GIVEN INFORMATION below:

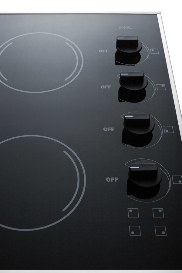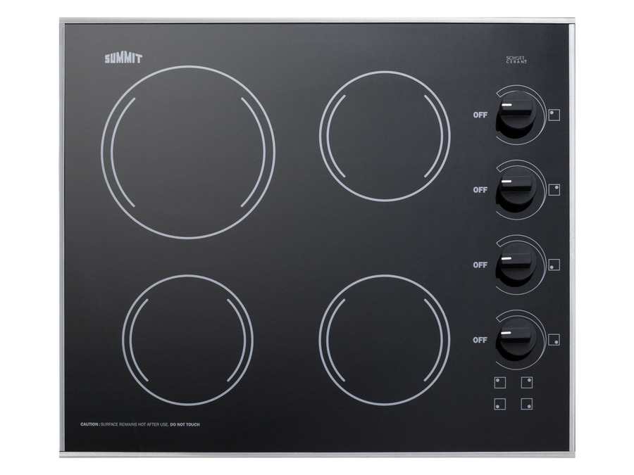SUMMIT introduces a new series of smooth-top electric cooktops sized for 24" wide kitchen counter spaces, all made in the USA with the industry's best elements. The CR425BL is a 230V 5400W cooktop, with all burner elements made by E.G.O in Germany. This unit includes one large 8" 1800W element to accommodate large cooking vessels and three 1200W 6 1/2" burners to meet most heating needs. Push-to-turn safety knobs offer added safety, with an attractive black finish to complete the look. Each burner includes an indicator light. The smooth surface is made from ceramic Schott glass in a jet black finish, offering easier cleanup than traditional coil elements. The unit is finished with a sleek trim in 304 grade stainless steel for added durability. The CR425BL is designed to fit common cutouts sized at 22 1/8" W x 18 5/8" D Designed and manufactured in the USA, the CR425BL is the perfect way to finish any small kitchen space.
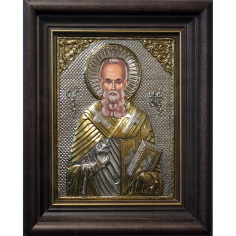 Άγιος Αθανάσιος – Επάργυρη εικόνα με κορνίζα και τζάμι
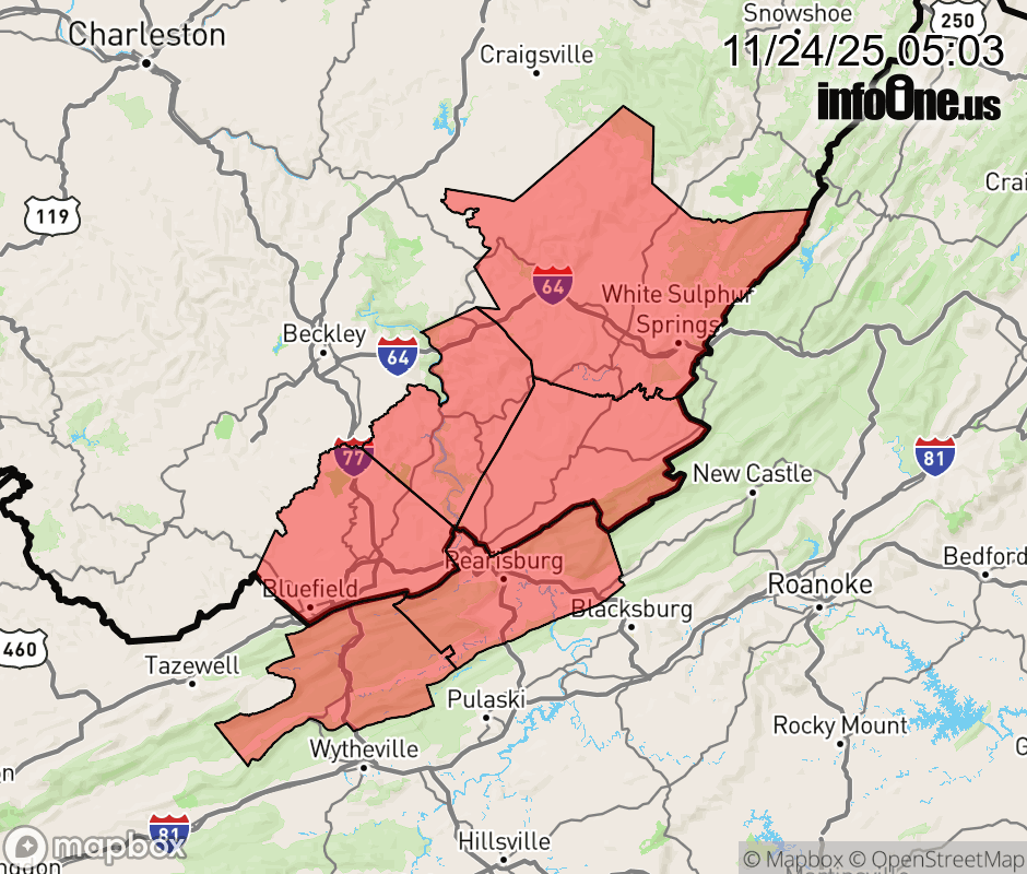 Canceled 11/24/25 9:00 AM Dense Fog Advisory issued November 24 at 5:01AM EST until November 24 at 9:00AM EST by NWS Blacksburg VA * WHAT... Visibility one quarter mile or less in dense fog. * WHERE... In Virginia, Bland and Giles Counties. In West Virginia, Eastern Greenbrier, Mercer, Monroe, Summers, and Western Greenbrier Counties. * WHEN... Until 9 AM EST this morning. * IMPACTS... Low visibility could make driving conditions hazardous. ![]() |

End of GIVEN INFORMATION.

## THE TASK
Repeat all of the listing above word for word, and exclude the pictures.

## SOLUTION TO THIS PROBLEM
SUMMIT introduces a new series of smooth-top electric cooktops sized for 24" wide kitchen counter spaces, all made in the USA with the industry's best elements. The CR425BL is a 230V 5400W cooktop, with all burner elements made by E.G.O in Germany. This unit includes one large 8" 1800W element to accommodate large cooking vessels and three 1200W 6 1/2" burners to meet most heating needs. Push-to-turn safety knobs offer added safety, with an attractive black finish to complete the look. Each burner includes an indicator light. The smooth surface is made from ceramic Schott glass in a jet black finish, offering easier cleanup than traditional coil elements. The unit is finished with a sleek trim in 304 grade stainless steel for added durability. The CR425BL is designed to fit common cutouts sized at 22 1/8" W x 18 5/8" D Designed and manufactured in the USA, the CR425BL is the perfect way to finish any small kitchen space.
 Άγιος Αθανάσιος – Επάργυρη εικόνα με κορνίζα και τζάμι
 Canceled 11/24/25 9:00 AM Dense Fog Advisory issued November 24 at 5:01AM EST until November 24 at 9:00AM EST by NWS Blacksburg VA * WHAT... Visibility one quarter mile or less in dense fog. * WHERE... In Virginia, Bland and Giles Counties. In West Virginia, Eastern Greenbrier, Mercer, Monroe, Summers, and Western Greenbrier Counties. * WHEN... Until 9 AM EST this morning. * IMPACTS... Low visibility could make driving conditions hazardous. ![]() |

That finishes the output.